Pictures must not appear in the copy. Restate exactly the lines below from the one with "8月24日晨5點(diǎn)" through the one with "Sparkling crystals cascade", inclusive.

[[ RECORD SET open ]]

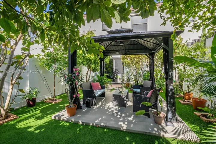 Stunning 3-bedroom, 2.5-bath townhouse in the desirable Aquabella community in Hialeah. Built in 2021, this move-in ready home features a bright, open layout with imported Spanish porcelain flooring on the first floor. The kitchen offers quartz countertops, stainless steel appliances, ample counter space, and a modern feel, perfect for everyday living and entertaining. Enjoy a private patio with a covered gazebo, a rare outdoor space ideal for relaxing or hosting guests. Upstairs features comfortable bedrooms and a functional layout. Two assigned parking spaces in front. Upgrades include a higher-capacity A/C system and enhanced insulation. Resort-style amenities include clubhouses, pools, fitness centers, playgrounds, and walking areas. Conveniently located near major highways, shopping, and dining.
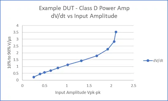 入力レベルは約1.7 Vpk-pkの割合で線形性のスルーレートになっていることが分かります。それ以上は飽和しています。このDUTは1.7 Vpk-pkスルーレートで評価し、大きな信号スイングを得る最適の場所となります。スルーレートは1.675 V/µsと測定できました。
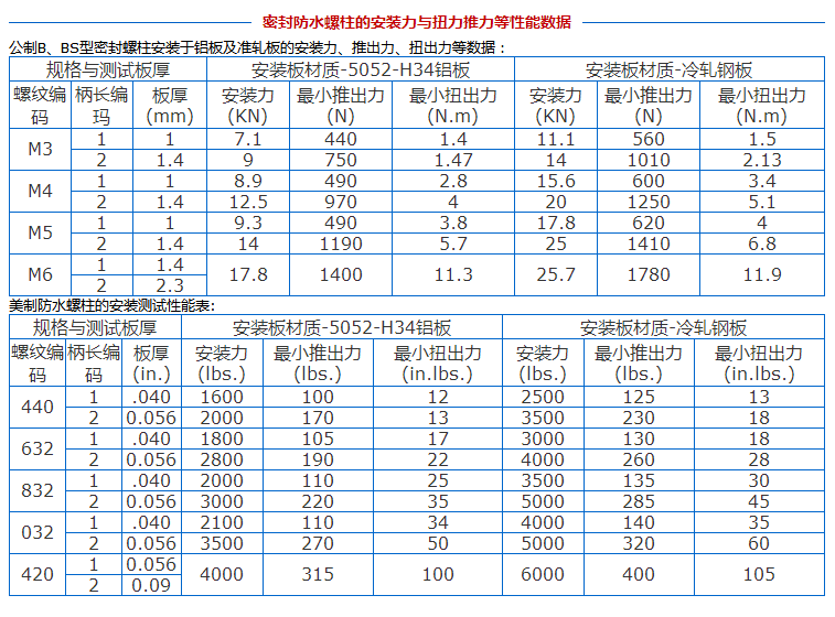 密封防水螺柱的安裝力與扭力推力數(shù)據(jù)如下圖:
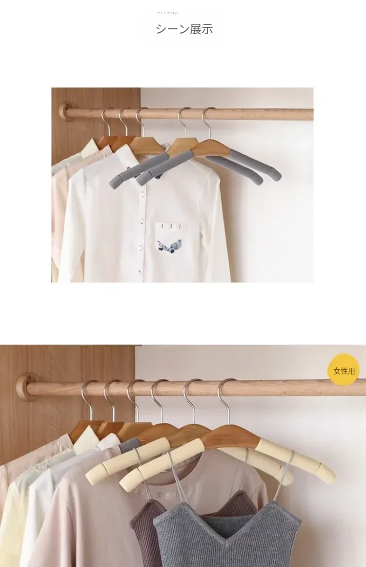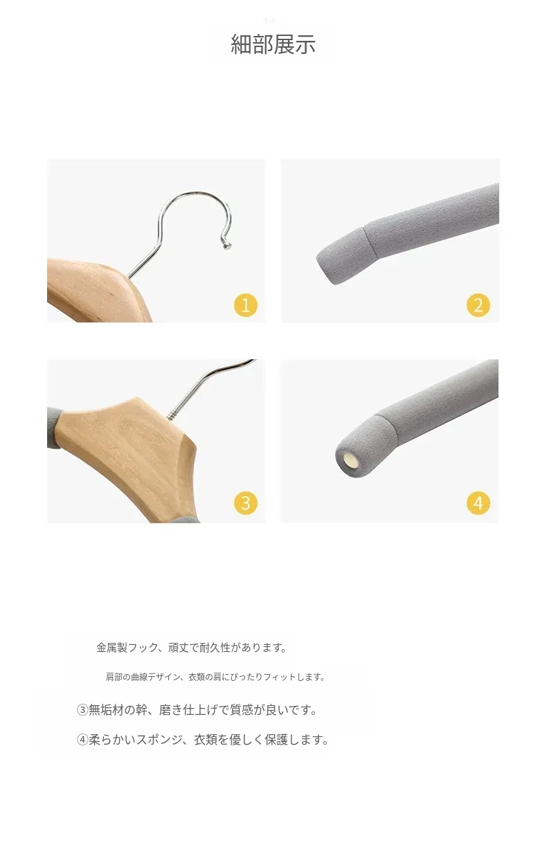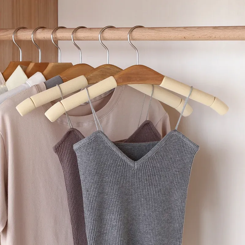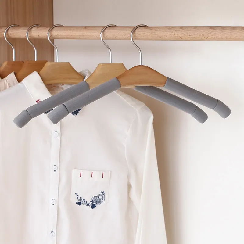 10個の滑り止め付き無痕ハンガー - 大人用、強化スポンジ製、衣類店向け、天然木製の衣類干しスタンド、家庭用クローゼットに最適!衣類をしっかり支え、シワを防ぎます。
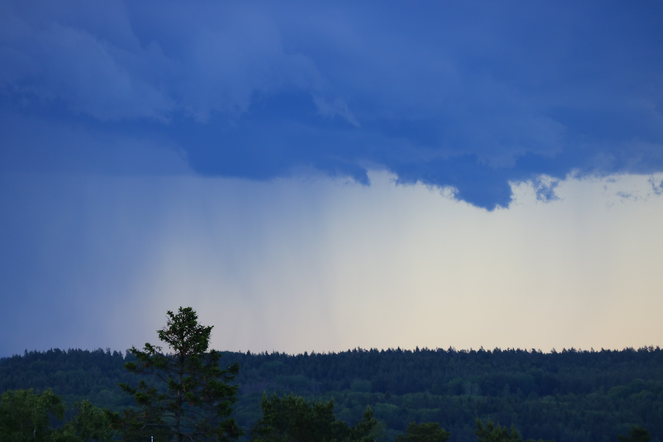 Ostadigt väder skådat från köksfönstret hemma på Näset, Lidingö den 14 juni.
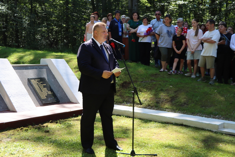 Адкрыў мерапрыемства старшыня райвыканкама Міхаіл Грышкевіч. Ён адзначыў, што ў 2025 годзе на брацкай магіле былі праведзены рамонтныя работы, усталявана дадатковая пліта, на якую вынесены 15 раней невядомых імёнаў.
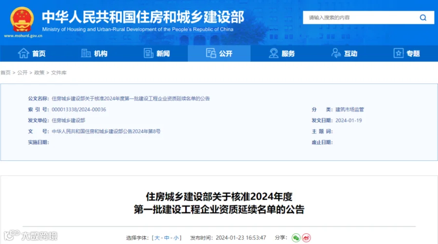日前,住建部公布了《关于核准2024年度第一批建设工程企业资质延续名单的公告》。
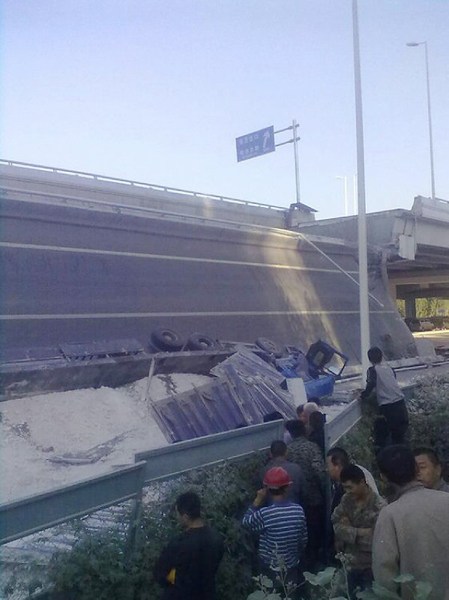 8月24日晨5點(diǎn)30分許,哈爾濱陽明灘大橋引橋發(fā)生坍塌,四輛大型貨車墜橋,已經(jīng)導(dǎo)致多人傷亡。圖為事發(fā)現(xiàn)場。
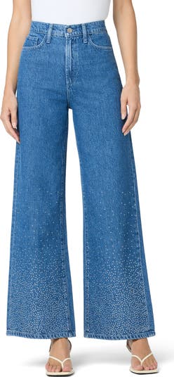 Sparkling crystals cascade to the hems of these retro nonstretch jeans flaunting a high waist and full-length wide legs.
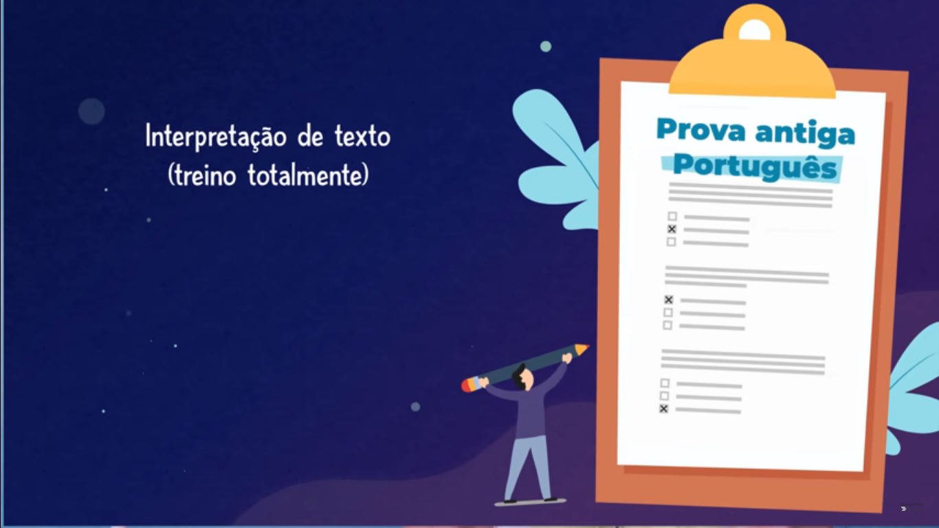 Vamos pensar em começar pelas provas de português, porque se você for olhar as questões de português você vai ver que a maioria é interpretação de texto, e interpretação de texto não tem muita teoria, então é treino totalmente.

[[ RECORD SET closed ]]

YOUR RESPONSE.
 8月24日晨5點(diǎn)30分許,哈爾濱陽明灘大橋引橋發(fā)生坍塌,四輛大型貨車墜橋,已經(jīng)導(dǎo)致多人傷亡。圖為事發(fā)現(xiàn)場。
 Sparkling crystals cascade to the hems of these retro nonstretch jeans flaunting a high waist and full-length wide legs.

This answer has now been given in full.